In 1976 I was reading music mags but somehow missed reviews of this release. I didn’t learn about it until a girlfriend played it for me in ’77, she knew about the songs in Rollercoaster as well. She liked the album and was an oasis of information and I say no more about her. AOR stations would occasionally play some Sparks but I heard nothing from Big Beat on the radio.

I never owned the LP and did not buy the CD until the 2006 release when I was building my CD collection. I bought it mostly because it was Sparks and I was in my Sparks revival period but but also because of Hilly Michaels and Mick Ronson.

This from Ronson website
Sparks sought out Mick Ronson in 1976 in hopes of having him produce their sixth album, Big Beat, and possibly even join their band. The brothers rehearsed with Mick at Danny Shea's rehearsal room in New York City, with drummer Hilly Michaels and bass player Sal Maida rounding out the group. One of the rehearsals with Ronson was recorded by Hilly Michaels on a portable cassette recorder, and reveals the band working through a number of songs from the Big Beat LP. Mick eventually bowed out of the project, but Hilly Michaels played on the Big Beat album and also played with the band on the subsequent tour. Jeff Salen was recruited to play on the album, and Mick Ronson Band guitarist Jimmy McAllister played on the tour.
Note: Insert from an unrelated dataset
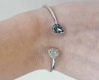 Bracciale Morellato rigido, Materiale: Argento sostenibile, Zirconi colore bianco a goccia e zircone blu-azzurro a goccia. Peso: 4,300 gr. Assente confezione originale.
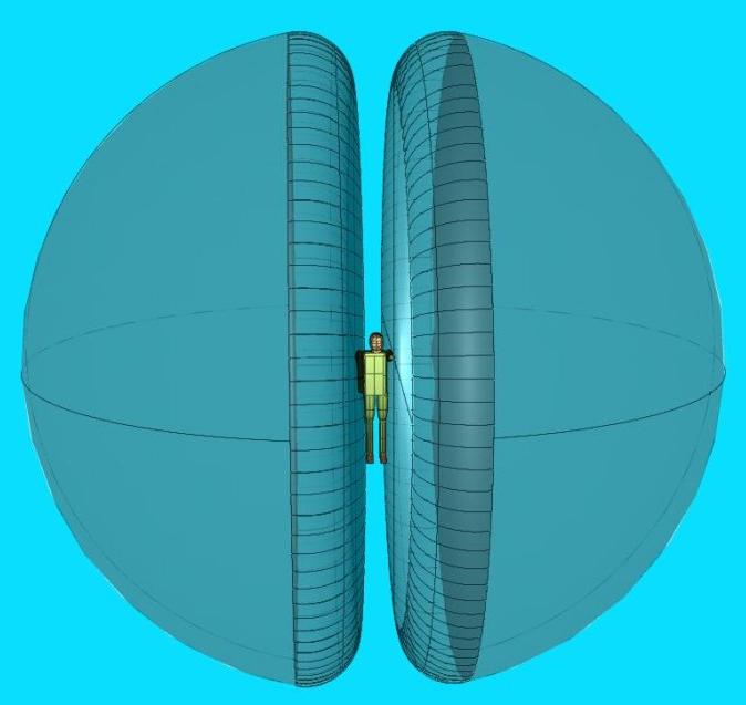 Probably 24 feet diameter is over kill. Inflation is near instantaneous, unlike a parachute, with two explosive charges such as blank shotgun shells. One needs about 500 feet to make a parachute work. Many Hollywood stunt men have repeatably jumped off ten story buildings and landed on air bags.

Hilly would eventually hook up with Mick Ronson again in 1979, in the Ian Hunter Band.

[Hilly Michaels] 'I was living with Mick Ronson on and off for years, auditioning second guitarists and bass players trying to put a new Mick Ronson Band together. One bright blue summer day, Sparks showed up and we jammed. Ron and Russell Mael were hoping that Mick Ronson would not only produce and play on Sparks' first Columbia record, but were hoping he would join the band. To prepare ourselves for the upcoming album Big Beat, the songs being worked on include 'Big Boy', 'Everybody's Stupid', 'I Wanna Be Like Everybody Else', and 'Throw Her Away (and get a new one).'

[Ron Mael, to Jim Wilson] 'The demos featuring Mick Ronson actually sound better than what the final album sounded like. We still have the cassettes of the really rough demos of Mick Ronson playing a lot of the songs and they sound really great because he plays with a lot of abandon. Rupert Holmes finally produced Big Beat and it was such a funny thing because he’s 180 degrees away from the sort of producer that should be producing that kind of sound. It was just a screwy situation.'

[Russell Mael, to Weird & Gilly] 'Mick's manner was more easy-going than we expected. Mick the musician did not let us down with the image we had of him from his work with Bowie. His guitar work was every bit as musician-ly, flashy, and cool as we had expected. Certain pop musicians stand out above the crowd. Mick was one.'

So…I listened with different ears in 2006 than I did nearly 30 years earlier but the result was similar. I thought the spacious sound had a demo quality that was recorded in the trunk of a 1974 Chevy Caprice. As a whole, the release had no ‘IT’ factor. However, there were a couple tracks that became earworms. I was slowly warming to it.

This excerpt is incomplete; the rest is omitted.